_Supplied data_:
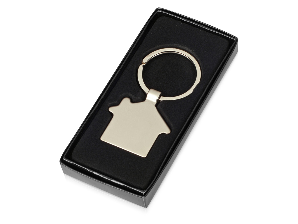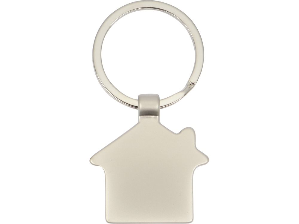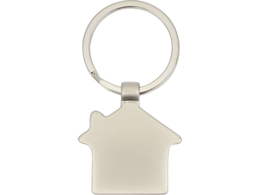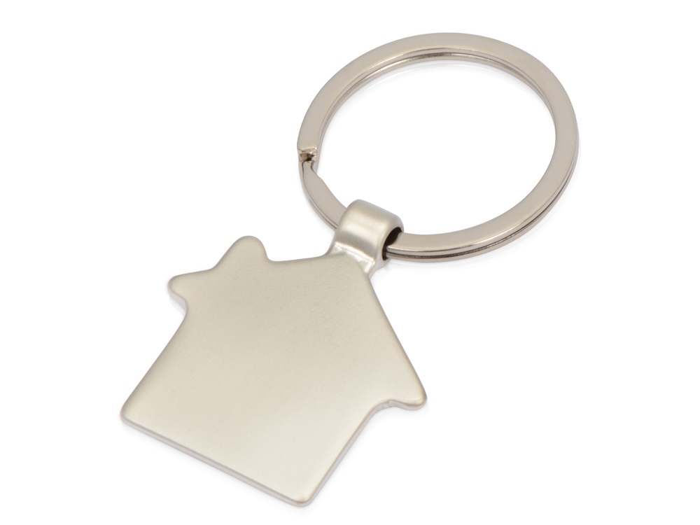 Оригинальный брелок в форме домика. Матовая металлическая поверхность идеально подходит для нанесения логотипа.
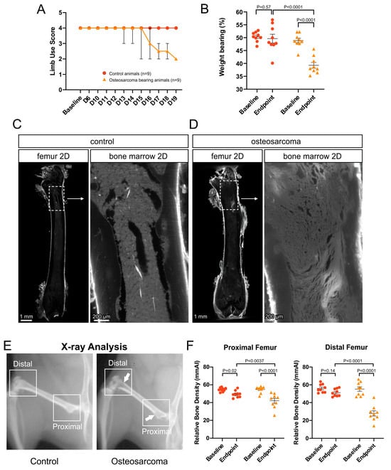 The experimental endpoint (limb use score of 2) was reached as early as Day 13 in some osteosarcoma-injected animals (Figure 1A). There was a clear reduction in limb use in the majority of osteosarcoma animals from Days 16–19 (Figure 1A). In contrast, there was no change in limb use at any timepoint in control animals (Figure 1A). All osteosarcoma-injected animals had decreased weight bearing at the experimental endpoint (Figure 1B). Two-way ANOVA revealed a significant interaction effect for weight bearing (F [1, 16] = 22.37, p = 0.0002). Weight bearing at the experimental endpoint was significantly reduced in osteosarcoma-injected relative to control animals (Fishers LSD, p < 0.0001, Figure 1B). It was also significantly reduced relative to baseline in osteosarcoma-injected (Fishers LSD, p < 0.0001, Figure 1B), but not in control, animals (Fishers LSD, p = 0.5748, Figure 1B). At the experimental endpoint, control animals had a well-organized, normal femoral marrow cavity appearance (Figure 1C). In contrast, the entire femoral marrow cavity of osteosarcoma-injected animals was less organized and devoid of normal morphology, consistent with tumor growth through the whole bone (Figure 1D). X-ray analysis revealed a reduction in bone density in osteosarcoma-injected compared to control animals (Figure 1E,F). Two-way ANOVA revealed a significant interaction effect for relative bone density both in the proximal (F [1, 16] = 7.792, p = 0.0131) and distal (F [1, 16] = 20.94, p = 0.0003) femur. At the experimental endpoint, there was a significant reduction in relative bone density in the proximal (Fishers LSD, p = 0.0044, Figure 1F) and distal (Fishers LSD, p < 0.0001, Figure 1F) femur of osteosarcoma-injected compared to control animals. Relative bone density at the experimental endpoint was also significantly reduced compared to baseline in both the proximal (Fishers LSD, p < 0.0001, Figure 1F) and distal (Fishers LSD, p < 0.0001, Figure 1F) femur of osteosarcoma-injected animals.
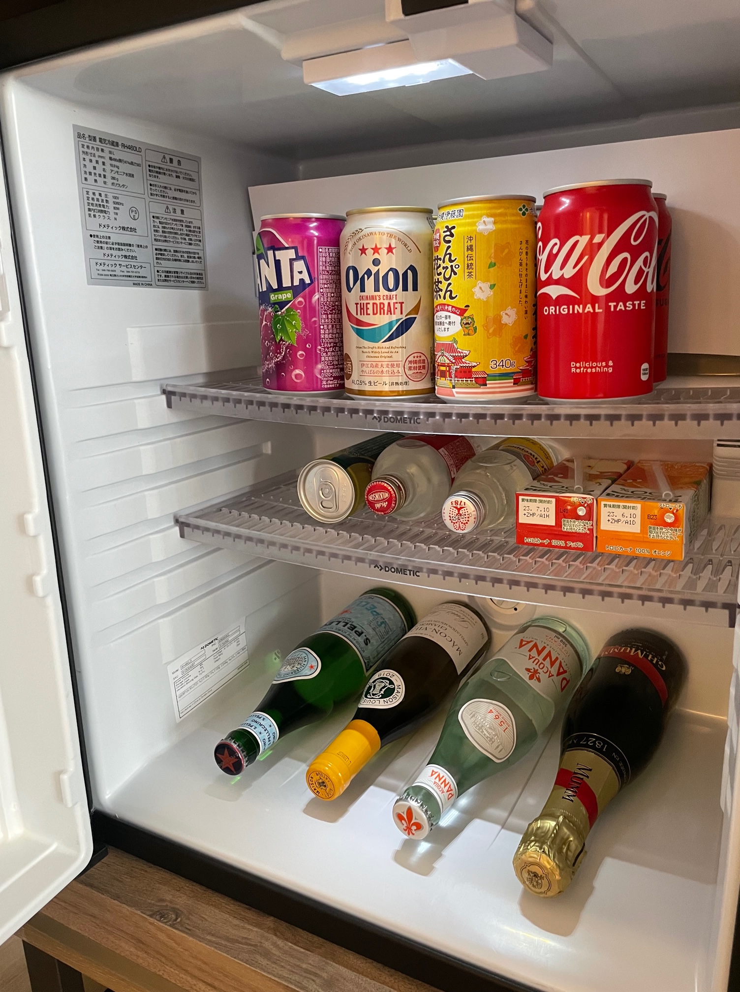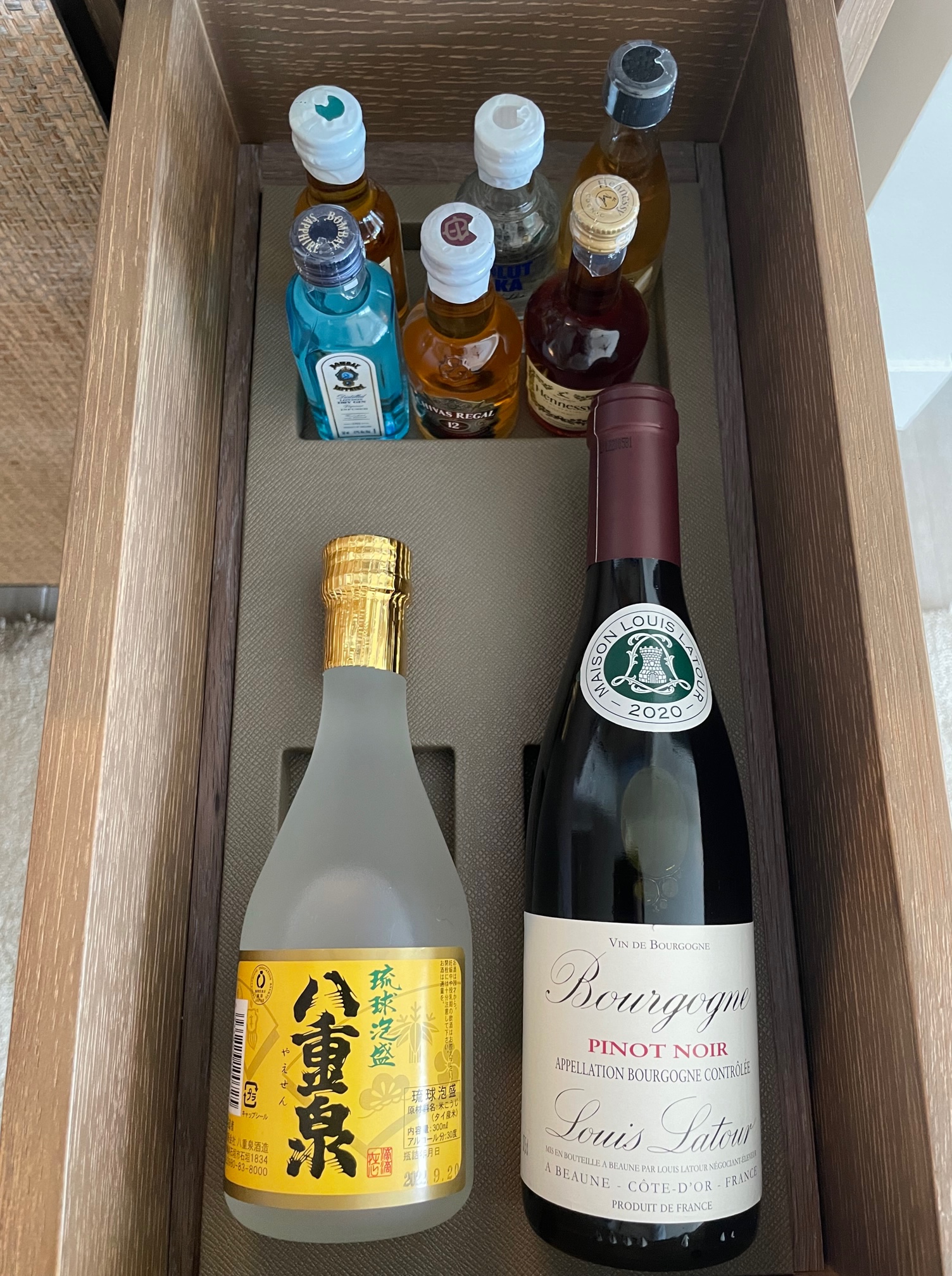 2段目はミニバーのリキュールのミニチュアボトルや泡盛、ワイン
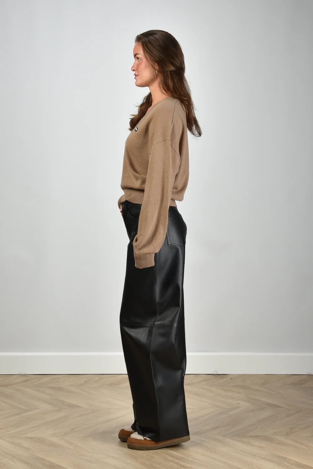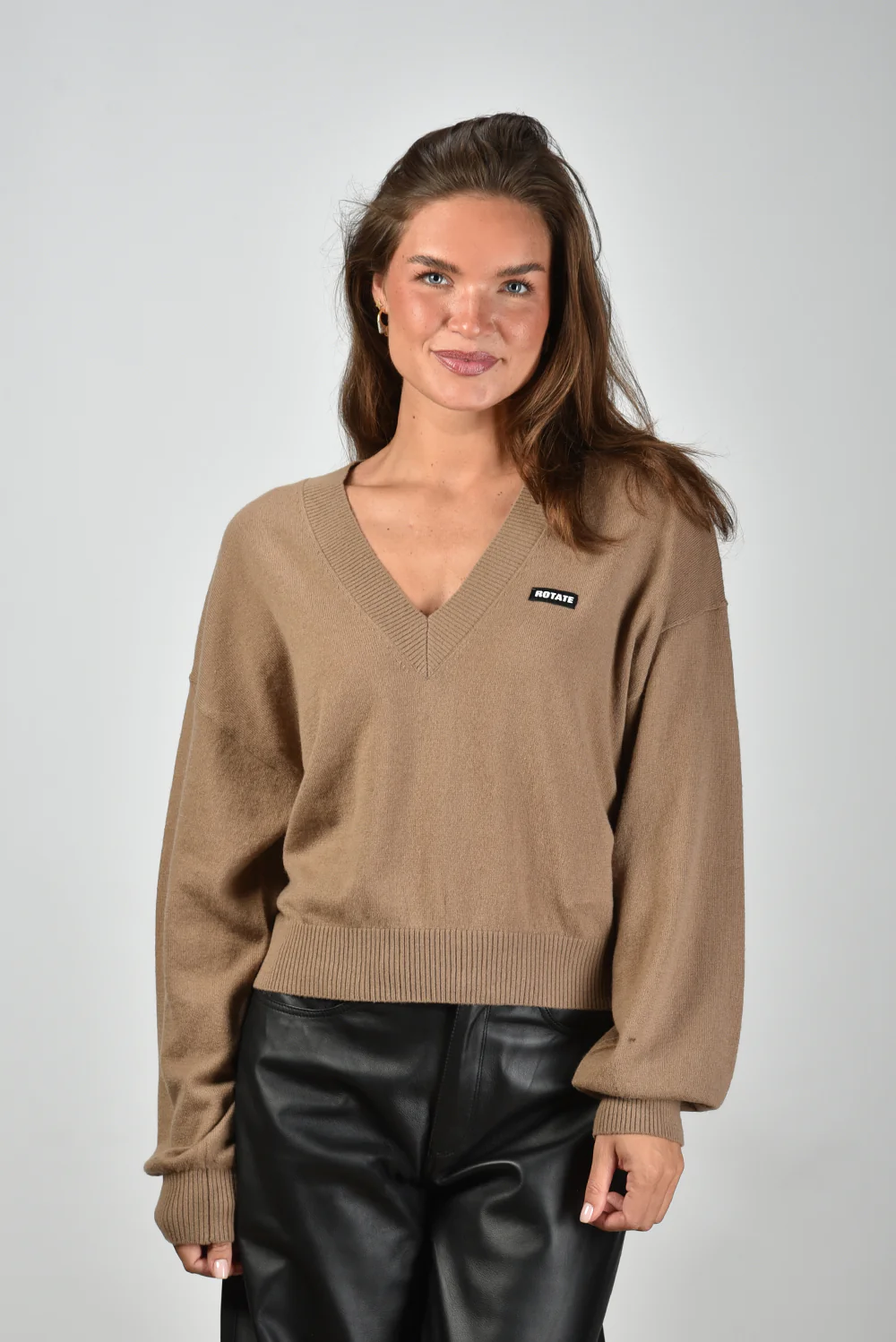 De trui logo patch van Rotate is zo’n basic die direct goed voelt. De beige tint, door het merk portabella genoemd, geeft een zachte en moderne uitstraling. De diepe V-hals met brede ribbelrand maakt hem bijzonder zonder dat het teveel wordt. De losse, rechte pasvorm zit comfortabel en valt netjes op maat. Op de borst staat subtiel het zwarte Rotate label, net genoeg om het merk te herkennen zonder te overheersen. Gemaakt van 95% wol en 5% cashmere voelt de stof soepel en licht aan. Draag hem met de Isabel Marant enkellaarsjes Nowles voor een nonchalante maar verzorgde look.

_Task details_: Leave out the pictures. Transcribe the rest of the listing above exactly.

_Task result_:
 Оригинальный брелок в форме домика. Матовая металлическая поверхность идеально подходит для нанесения логотипа.
 The experimental endpoint (limb use score of 2) was reached as early as Day 13 in some osteosarcoma-injected animals (Figure 1A). There was a clear reduction in limb use in the majority of osteosarcoma animals from Days 16–19 (Figure 1A). In contrast, there was no change in limb use at any timepoint in control animals (Figure 1A). All osteosarcoma-injected animals had decreased weight bearing at the experimental endpoint (Figure 1B). Two-way ANOVA revealed a significant interaction effect for weight bearing (F [1, 16] = 22.37, p = 0.0002). Weight bearing at the experimental endpoint was significantly reduced in osteosarcoma-injected relative to control animals (Fishers LSD, p < 0.0001, Figure 1B). It was also significantly reduced relative to baseline in osteosarcoma-injected (Fishers LSD, p < 0.0001, Figure 1B), but not in control, animals (Fishers LSD, p = 0.5748, Figure 1B). At the experimental endpoint, control animals had a well-organized, normal femoral marrow cavity appearance (Figure 1C). In contrast, the entire femoral marrow cavity of osteosarcoma-injected animals was less organized and devoid of normal morphology, consistent with tumor growth through the whole bone (Figure 1D). X-ray analysis revealed a reduction in bone density in osteosarcoma-injected compared to control animals (Figure 1E,F). Two-way ANOVA revealed a significant interaction effect for relative bone density both in the proximal (F [1, 16] = 7.792, p = 0.0131) and distal (F [1, 16] = 20.94, p = 0.0003) femur. At the experimental endpoint, there was a significant reduction in relative bone density in the proximal (Fishers LSD, p = 0.0044, Figure 1F) and distal (Fishers LSD, p < 0.0001, Figure 1F) femur of osteosarcoma-injected compared to control animals. Relative bone density at the experimental endpoint was also significantly reduced compared to baseline in both the proximal (Fishers LSD, p < 0.0001, Figure 1F) and distal (Fishers LSD, p < 0.0001, Figure 1F) femur of osteosarcoma-injected animals.
 2段目はミニバーのリキュールのミニチュアボトルや泡盛、ワイン
 De trui logo patch van Rotate is zo’n basic die direct goed voelt. De beige tint, door het merk portabella genoemd, geeft een zachte en moderne uitstraling. De diepe V-hals met brede ribbelrand maakt hem bijzonder zonder dat het teveel wordt. De losse, rechte pasvorm zit comfortabel en valt netjes op maat. Op de borst staat subtiel het zwarte Rotate label, net genoeg om het merk te herkennen zonder te overheersen. Gemaakt van 95% wol en 5% cashmere voelt de stof soepel en licht aan. Draag hem met de Isabel Marant enkellaarsjes Nowles voor een nonchalante maar verzorgde look.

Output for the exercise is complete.